Brazilian Choro singer

Ademilde Fonseca (nicknamed Queen of Chorinho; March 4, 1921 – March 27, 2012) was a Brazilian Choro singer, a genre of music that fuses popular European music and the music of African slaves.

==Biography==
Ademilde Fonseca was popularly known as the "Queen of Chorinho". She was born on March 4, 1921, in Pirituba area of São Gonçalo do Amarante, Rio Grande do Norte in the Northeast Region of Brazil. She died of a heart attack on March 27, 2012, in Rio de Janeiro, Brazil. at the age of 91 Fonseca produced 6 albums in her lifetime that sold more than 500,000 copies.

Fonseca is noted as the originator of the Choro music, a genre that blends the sound of popular European music (polka and waltz) and the music of African slaves.

Fonseca grew up in Natal, where she performed early and married the musician Naldimar Gedeão Delfim.
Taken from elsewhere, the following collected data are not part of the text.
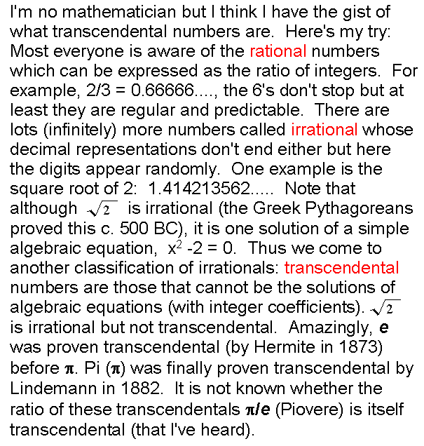 So what is Piovere? It's the ratio of the two most famous transcendental numbers; it's pi over e.
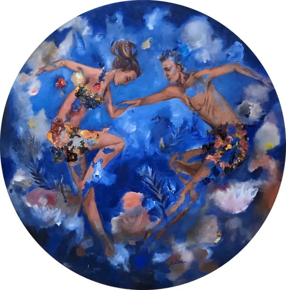 “En çok, yaşanmışlıklarımın derinliklerinden öğrendim. Kimi zaman kayboldum, kimi zaman güçlendim ve duygularımı, hakkını vererek yaşamayı öğrendim. Yaşadığımız her an evrende bir iz bırakıyor.” diyen sanatçı, hayatın arka planına dair farkettiğimiz veya farkedemediğimiz izleri de uçuşan renkler, dans eden figürler ve semboller olarak çalışmalarına yansıtıyor.
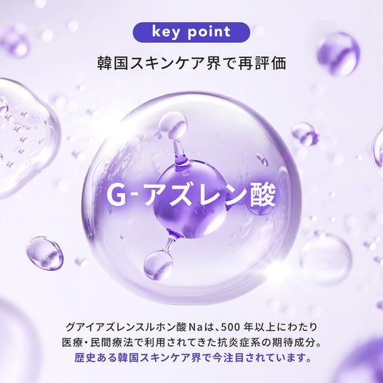 G-アズレン酸(グアイアズレンスルホン酸ナトリウム)は、1950年代頃からスキンケア製品に取り入れられてきた歴史ある成分です。特にヨーロッパでは古くからカミツレ(カモミール)などのハーブ由来成分として親しまれ、肌をすこやかに保つためのケアに用いられてきました。同じアズレン系の成分である「アズレンスルホン酸ナトリウム」は、医薬品や医薬部外品にも使用されることで知られていますが、G-アズレン酸はその中でも比較的マイルドな性質をもつ成分として、日常使いのスキンケアにも採用されやすいのが特長です。
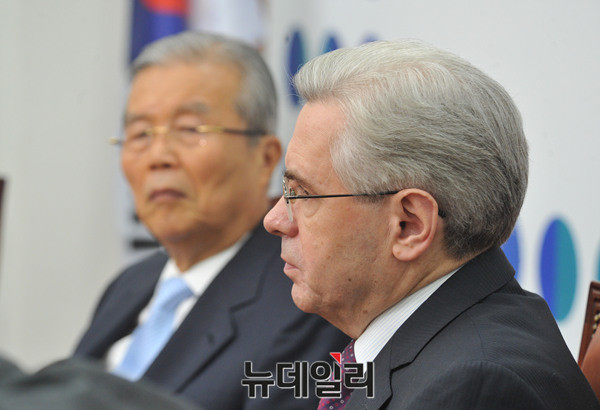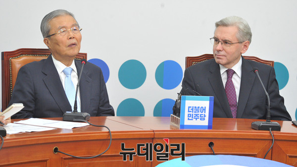 김종인 더불어민주당 비상대책위 대표가 17일 오전 국회 당대표실에서 알렉산드르 티모닌 주한 러시아 대사와 면담하고 있다.

In 1941, the couple moved to Rio and Fonseca appeared in Renato Murce's show Papel Carbono. The following year she had a first hit with Tico-tico no Fuba with the band of Benedito Lacerda. In 1943 she recorded Apanhei-te, cavaquinho and Urubu Malandro, which led to a successful career as a singer. In 1944 she got a contract with the radio station Rádio Tupi in Rio de Janeiro, and worked for more than 10 years at the station. In 1945 she played the polka Rato, Rato, which is considered a classic of the Choro genre and earned her the title "Rainha do Choro", or the Queen of Choro.